GroDiGroDiPerformance-Curve of J48Performance-Curve of J48

Best: J48 "-L -U -M 2 -A"

Experimental ResultsExperimental Results

93.5 %94.5 %12 m.

94.7 %95.1 %6 m.33 m.

new 0.11

94.8 %95.3 %6 m.22 m.

0.4290.5 %92.9 %6 m.22 m.old

83.3 %88.6 %12 m.0.00

85.7 %90.3 %6 m.--baseline

RT-factoravg. F1AccuracyEval.data

Train.dataSystem

ConclusionsConclusions• Aims:

• Development of a system that automaticallydetects a broad set of disfluencies

• Fully automatic learning process• Robust and Fast

• Achievements:• Stand-alone tool for detection of disfluencies:

GroDi - Get rid of Disfluencies• Self-arranging modules• Detection rate: 95% Accuracy• Real-time factor of 0.11

OutlookOutlook

• Develop module(s) for the detection ofMistake, Order, Omission

• Embed other learning approaches, e.g.:• Conditional Random Fields• HMMs

• Use other corpus like, e.g., Switchboard

Thank you!Thank you!

Demo?Demo?

GroDiGroDiDiff. Module ArrangementsDiff. Module Arrangements

GroDiGroDi

Used technologies WEKA toolkit for machine learning Maximum Entropy classifier from Stanford NLP group CRF Tagger from http://crftagger.sourceforge.net/

Features for machine learning: Lexical: words, lexical parallelism, (POS-Tags) Prosodic: duration, pauses, pitch, energy Dynamic: disfluency types of surrounding words Speaker: age, role in meeting, native language

Automatic Disfluency Detection in Multi-party Conversations...

Documents

Transcript of Automatic Disfluency Detection in Multi-party Conversations...

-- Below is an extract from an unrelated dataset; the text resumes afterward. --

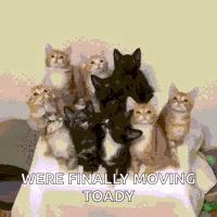 A large group of adorable kittens of various colors are piled on a chair, looking intently forward. A relatable 'Me Rn' moment.
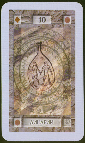 The 10 of Pentacles represents material posessions. The number 10 of Pentacles forms the links to the Ace (first card) of Wands (the first suit in the minor Arcana), and thus prepares to bring you back to the beginning of the minor Arcana, ready for a next cycle through the tarot.

Measuring Financial Covenant Strictness in Private … · Measuring Financial Covenant Strictness in Private Debt Contracts ... If the actual ratio of earnings to interest is six,

SILENT PAUSES AND DISFLUENCIES IN SIMULTANEOUS ... · SILENT PAUSES AND DISFLUENCIES IN SIMULTANEOUS INTERPRETATION: A DESCRIPTIVE ANALYSIS By Benedetta Tissi Freelance Conference

Quantitative analysis of disfluency in children with ... · Quantitative analysis of disfluency in children with autism spectrum disorder or language impairment Heather MacFarlane1,

Intonation Structure and Disfluency Detection in Stuttering · patterns of disfluency types are constrained by prosodic phrase structure. The prominent role of prosodic structure

“Disfluencies in 3 to 5 Years Old Telugu Speaking Normal ... · Disfluencies in 3 to 5 Years Old Telugu Speaking Normal Preschool Children Continuity - i.e., the relatedness of

Remedial Instruction in Language Disfluencies in the Non-Psycho-Expert Lens

speech recognition and removal of disfluencies

DISFLUENCY IN SECOND LANGUAGE: A … · disfluency in second language: a quantitative study on turkish learners of english a thesis submitted to the graduate school of informatics

Speaker-Versus Listener-Oriented Disfluency: A Re-examination … · 2017-07-01 · that if certain types of disfluency are solely (or primar-ily) for the benefit of the listener

The Relationship between Gun Control Strictness and Mass ...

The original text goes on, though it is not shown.